Flavio Schneider, chief researcher at ElevenLabs, said on social platform X that Scribe is the "cleverest audio understanding model" the company has released so far. He further explained that Scribe is not only a transcription tool, it can also understand audio content, detect nonverbal events (such as laughter, sound effects, music and background noise), and analyze long-term audio content in complex environments for accurate speaker distinction. It is particularly worth mentioning that Scribe is able to identify and isolate up to 32 different speakers in the same audio file.
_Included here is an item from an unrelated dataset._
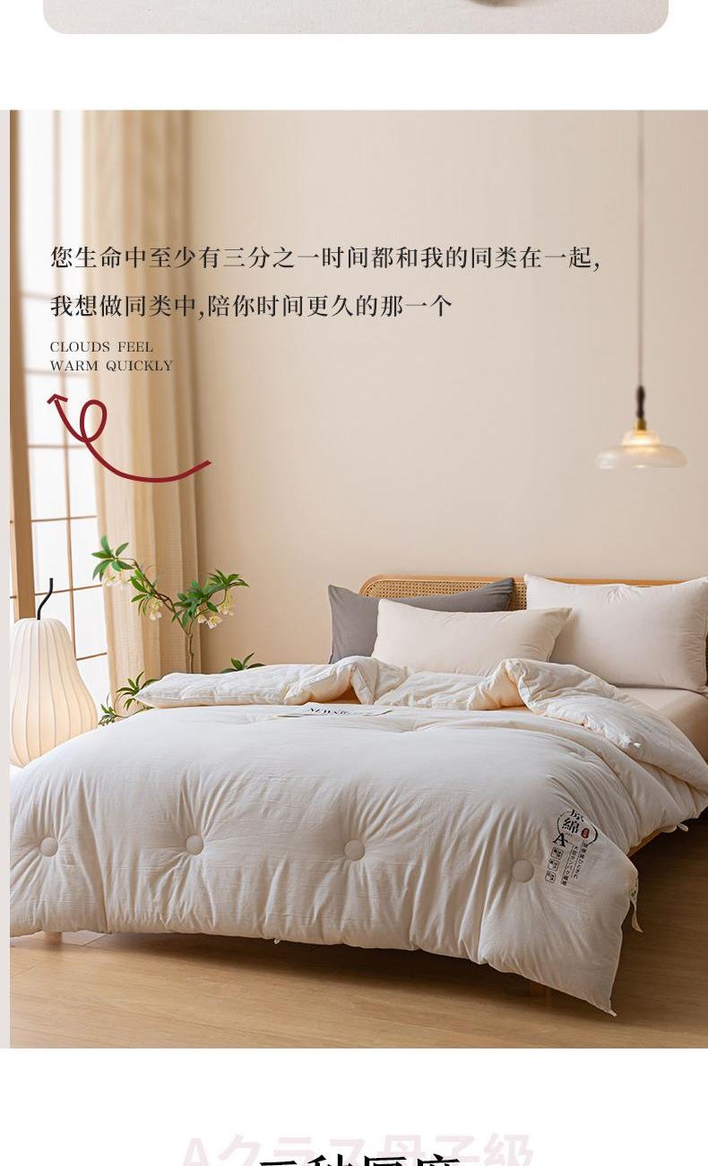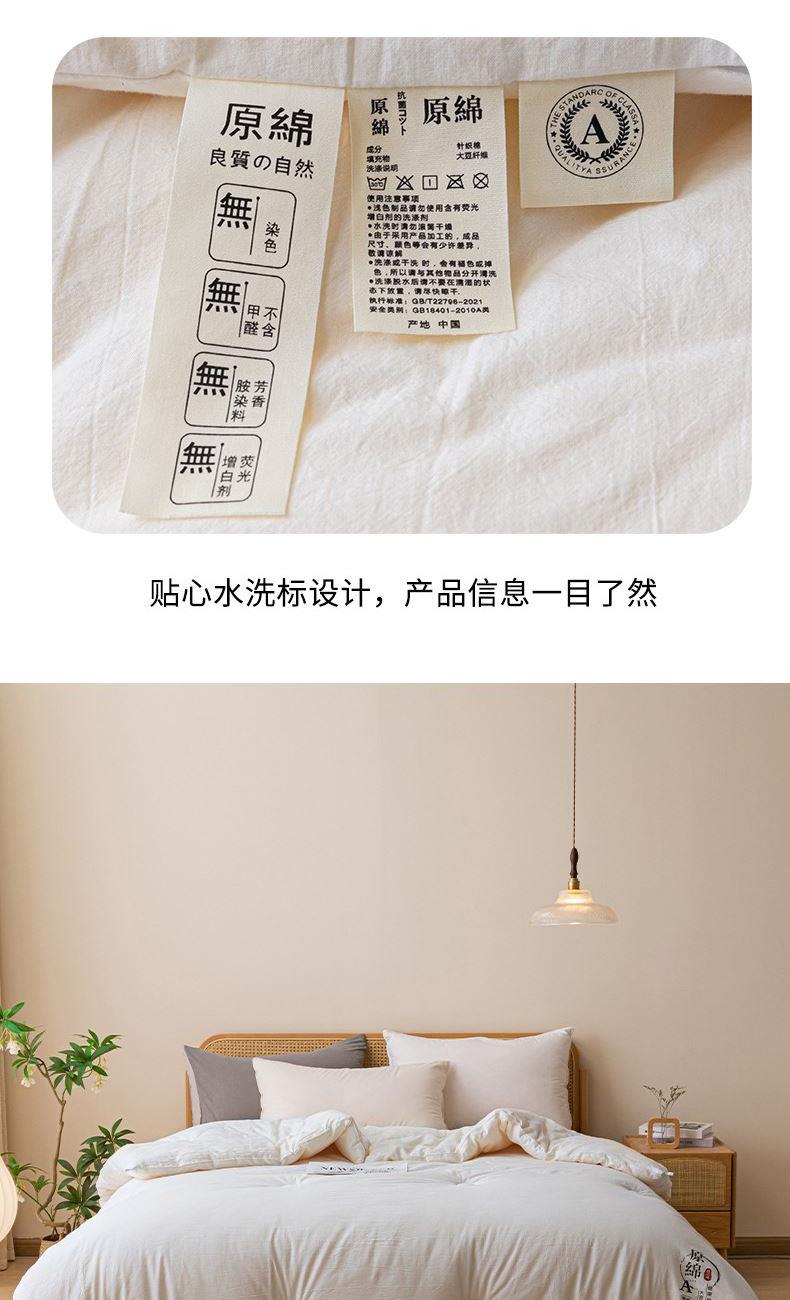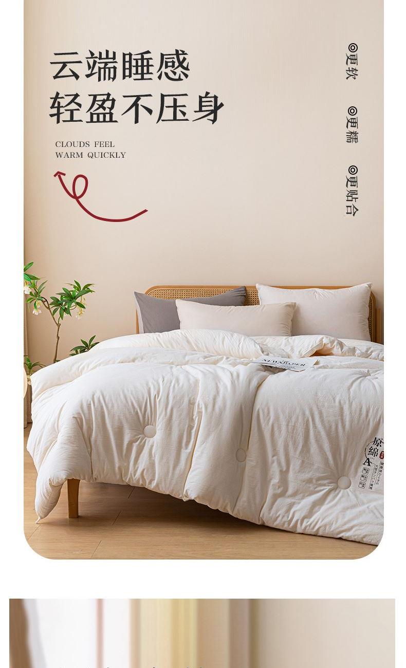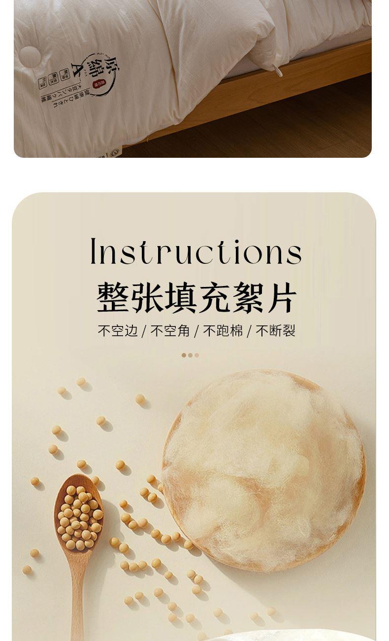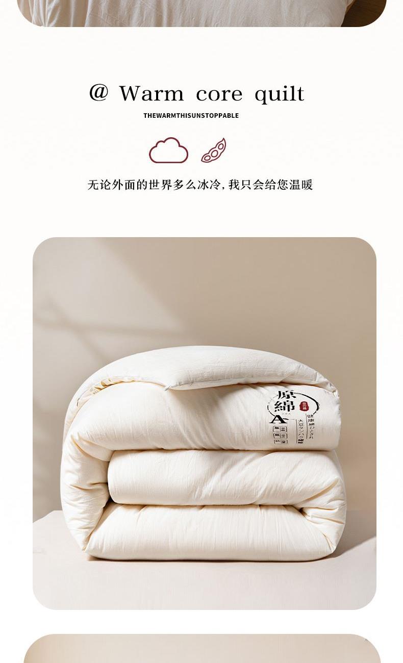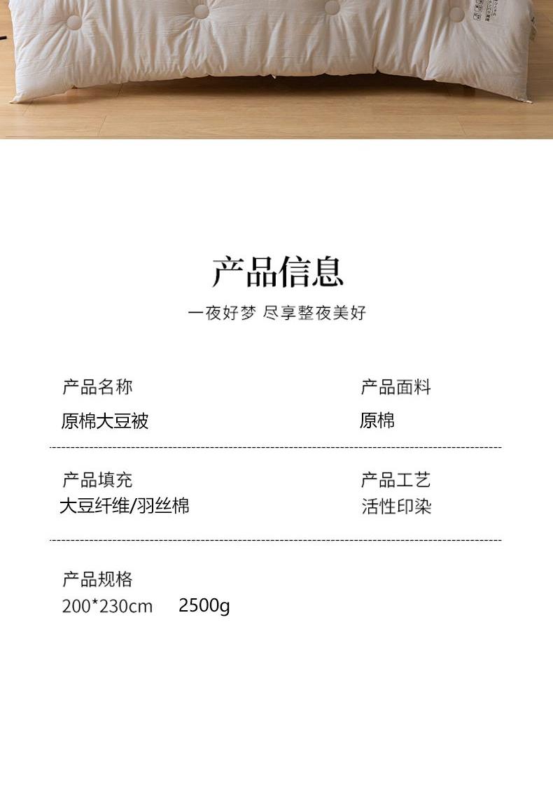 产品规格:200*230 cm*1 面料成份:原棉 填 充 物:大豆纤维/羽丝棉 克 重:2500g 产品说明:亲肤原棉面料,面料手感柔软细腻,适合贴身裸睡回归自然,亲和肌肤。 大豆纤维与羽丝棉的科学搭配,软糯棉柔,舒肤不压身。

ElevenLabs reminds users that Scribe is "best suitable for occasions where high-precision transcription is required, rather than real-time transcription." The company also plans to launch a low-latency version to expand its use in real-time applications.
According to benchmark results from FLEURS and Common Voice, Scribe has performed well in dealing with real-world audio challenges, especially in terms of word error rates in Italian (98.7% accuracy) and English (96.7% accuracy).
Scribe is now available through the ElevenLabs official website and API, priced at $0.40 per hour for audio input and will enjoy a 50% discount in the next six weeks. In addition, low-latency versions for real-time applications are also under development.
For enterprise decision makers, Scribe provides a scalable tool for high-precision transcription for industries that require automated documentation, conference transcription, and content accessibility. The model's high-precision processing of multiple languages will also benefit multinational corporations, media companies and customer support applications.
It is worth noting that Scribe's release was held on the same day as the release of its text-to-speech model Octave, a competitor Hume. Octave is a text-to-speech tool based on large language models, where users can customize AI-generated sounds based on emotional needs, designed for content creation, such as audiobooks, podcasts, and video game dubbing. Although Scribe and Octave have different capabilities, the releases of the two reflect the increasingly fierce competition in AI-driven audio models.
Product portal: https://elevenlabs.io/blog/meet-scribe
Key points:
Scribe v1 is ElevenLabs' latest voice-to-text model, with a record accuracy rate in multilinguals.
Supports 99 languages, can distinguish up to 32 different speakers and adapt to complex audio environments.
Currently priced at $0.40 per hour, enjoy a 50% discount for the next six weeks, and the low-latency version is under development.